• [Task statement]:
Only the lines from the one with "The linked NSW" to the end of the data, both ends included, should be output, exactly as they stand and without pictures.

== Dataset excerpts

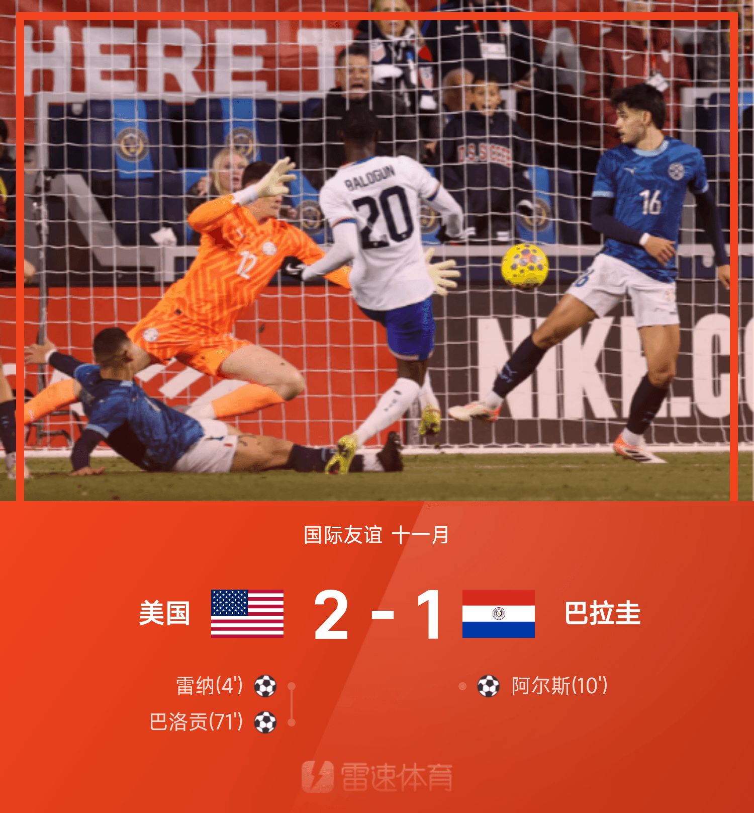 6686 Sports รายงานเมื่อวันที่ 16 พฤศจิกายนว่านัดกระชับมิตรระหว่างประเทศเปิดฉากดวลกัน เจ้าบ้านสหรัฐฯ พบกับปารากวัย สำหรับทีมสหรัฐอเมริกา บาโลกุนและเรน่าทำประตูตามลำดับ ในขณะที่ปารากวัย อัลส์ทำประตูแต่ไม่สามารถเซฟเกมได้ สุดท้ายสหรัฐฯ เอาชนะ ปารากวัย 2-1
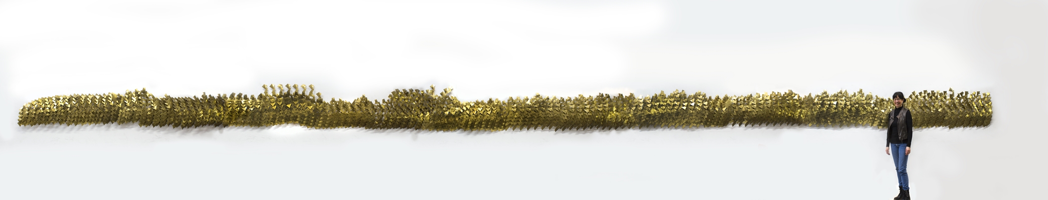 Deze ‘minimal music’ heeft ze omgezet in een ruimtelijk object, dat is opgebouwd uit kleine, herhaalde motieven. De motieven zijn twee verschillende, handgemaakte messing vormen, die in elkaar kunnen worden geschoven. Door vele tientallen ‘motieven’ te combineren – te herhalen en te variëren – heeft Hordijk een twintig meter lang sculptuur gemaakt.
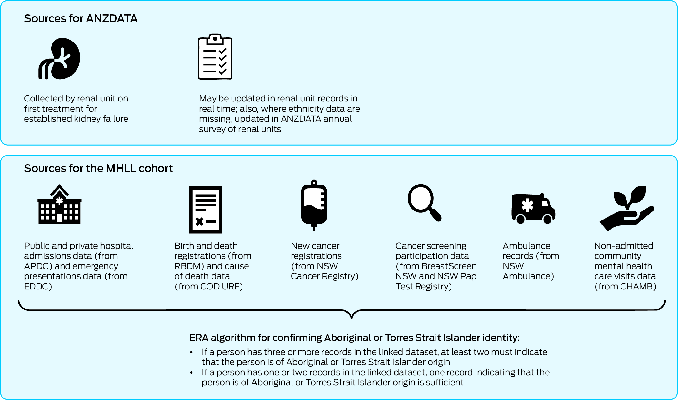 The linked NSW data assets used for ERA were the APDC, the EDDC, NSW Ambulance data, the Community Mental Health Ambulatory Data Collection, birth and death records from the NSW Registry of Births, Deaths and Marriages, the Australian Bureau of Statistics Cause of Death Unit Record File, the NSW Cancer Registry, BreastScreen NSW and the NSW Pap Test Register (Box 1). A detailed description is available elsewhere.15 The cohort includes all NSW residents with a record in at least one of these collections, and is not limited to people who have had contact with mental health services. All people receiving treatment for kidney failure are represented in the APDC.
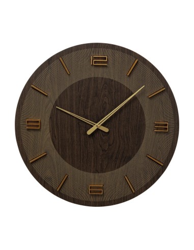 Orologio da Parete Design Moderno in Legno Marrone e Dettagli Oro
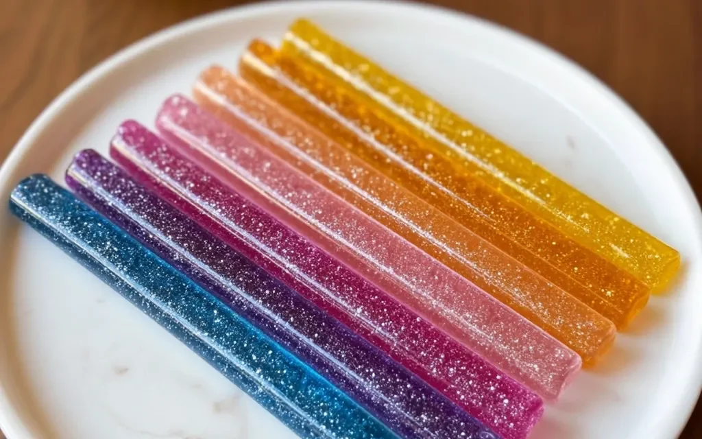 For a more intense tequila flavor, you can increase the amount of tequila used. Experiment with different color combinations to create a variety of vibrant, shimmering gummy wands.

====

• [Result]:
 The linked NSW data assets used for ERA were the APDC, the EDDC, NSW Ambulance data, the Community Mental Health Ambulatory Data Collection, birth and death records from the NSW Registry of Births, Deaths and Marriages, the Australian Bureau of Statistics Cause of Death Unit Record File, the NSW Cancer Registry, BreastScreen NSW and the NSW Pap Test Register (Box 1). A detailed description is available elsewhere.15 The cohort includes all NSW residents with a record in at least one of these collections, and is not limited to people who have had contact with mental health services. All people receiving treatment for kidney failure are represented in the APDC.
 Orologio da Parete Design Moderno in Legno Marrone e Dettagli Oro
 For a more intense tequila flavor, you can increase the amount of tequila used. Experiment with different color combinations to create a variety of vibrant, shimmering gummy wands.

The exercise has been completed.